BRIEF DESCRIPTION OF THE DRAWINGS
The present invention will be understood and appreciated more fully
from the following detailed description taken in conjunction with the drawings in
which:
Fig. 1 is a schematic block diagram of the multimedia content based
masking apparatus, in accordance with the preferred embodiments of the present
invention;
Fig. 2 is a schematic block diagram of the components of the
multimedia content based masking application, in accordance with the preferred
embodiments of the present invention;
Fig. 3 is a flow chart describing the steps of a method for multimedia
content based masking, in accordance with a preferred embodiment of the present
invention; and
' Fig. 4 is a flow chart describing the steps of a method for multimedia
content based masking, in accordance with another preferred embodiment of the
present invention.
DETAILED DESCRIPTION OF THE PREFERRED EMBODIMENT
An apparatus and method for multimedia content based manipulation is
disclosed. In the context of the present document when the word "masking" is
used it could be construed as one of the meanings listed in the following non-
limiting list: a) hiding, b) replacing, c) blurring, d) preventing recording, e)

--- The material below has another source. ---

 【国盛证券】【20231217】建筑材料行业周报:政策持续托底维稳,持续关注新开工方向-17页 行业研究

denying access, f) enhancing a region of interest, g) improving visibility and the
like manipulation of multimedia content based on actions associated with rules,
and h) transmitting commands to multimedia capture devices, such as camera
Pan-Zoom-Tilt, spectrum change, frame rate change, mute sound, and the like.
In the context of the present invention, an interaction is defined as any
data or information exchanged between at least two individuals or between an.

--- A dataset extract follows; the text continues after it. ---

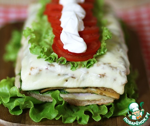 После этого можно уложить торт-бутерброд на листья салата, украсить помидором и сметаной и подать к столу.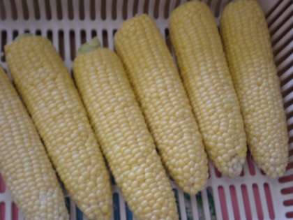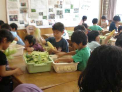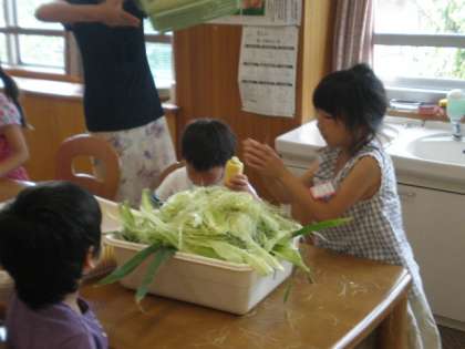 一年生の小さな手で、大きなトウモロコシの皮をむきます。

individual and an information system, such as performing back-office transaction
while interacting via a transactional system. An interaction can comprise one of
the following: a telephone or cellular phone call, a video footage or a stream, an e-
mail, an SMS, a chat session, a web or other network session and the like. While,
referring to multimedia, the preferred embodiment of the present invention refers
to audio, video, screen data and metadata related information interaction or a
combination thereof. Such reference is made without limiting the general
application of the present invention and the scope of the present invention which
will be apparent to persons skilled in the art.

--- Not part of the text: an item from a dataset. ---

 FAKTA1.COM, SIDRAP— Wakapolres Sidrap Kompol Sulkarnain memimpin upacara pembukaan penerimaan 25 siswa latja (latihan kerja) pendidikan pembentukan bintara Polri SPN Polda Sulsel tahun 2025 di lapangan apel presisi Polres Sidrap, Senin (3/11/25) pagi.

The proposed apparatus and method is designed to enable or restrict
access to interactions according to predetermined organizational access rights
based on the content of the interaction or to enhance the multimedia stream
according to and based on dynamic and adaptive manipulation scenarios. The
proposed apparatus and method is further designed to mask, according to its
meanings, segments of portions of interactions according to predetermined
organizational procedures based on the content of the interaction and of the type
of users of the interaction. The masking can be done either in a negative or a
positive manner. Thus, masking can be used to mask the entire content except a
certain portion thereof or could be used to mask only a certain portion of the
content. The masking could be applied to the information stream itself or on the
system metadata. The access to parts of the interaction is allowed or restricted by
using a masking method detailed below based on the content of the interaction, as
well as on other metadata information associated with the interaction. Segments,
portions and elements of the interaction could be enhanced where the
enhancement is based on the content of the interaction, on other metadata
information associated with the interaction, on historical or concurrent
transactions, as well as system requirements like Level of Service (LOS), total
stream size, and the like. The masking is performed based on various
predetermined events and provide predetermined actions for masking (allowing or
restricting multimedia through masking manipulation), also in the layer
configuration of the system of the present invention.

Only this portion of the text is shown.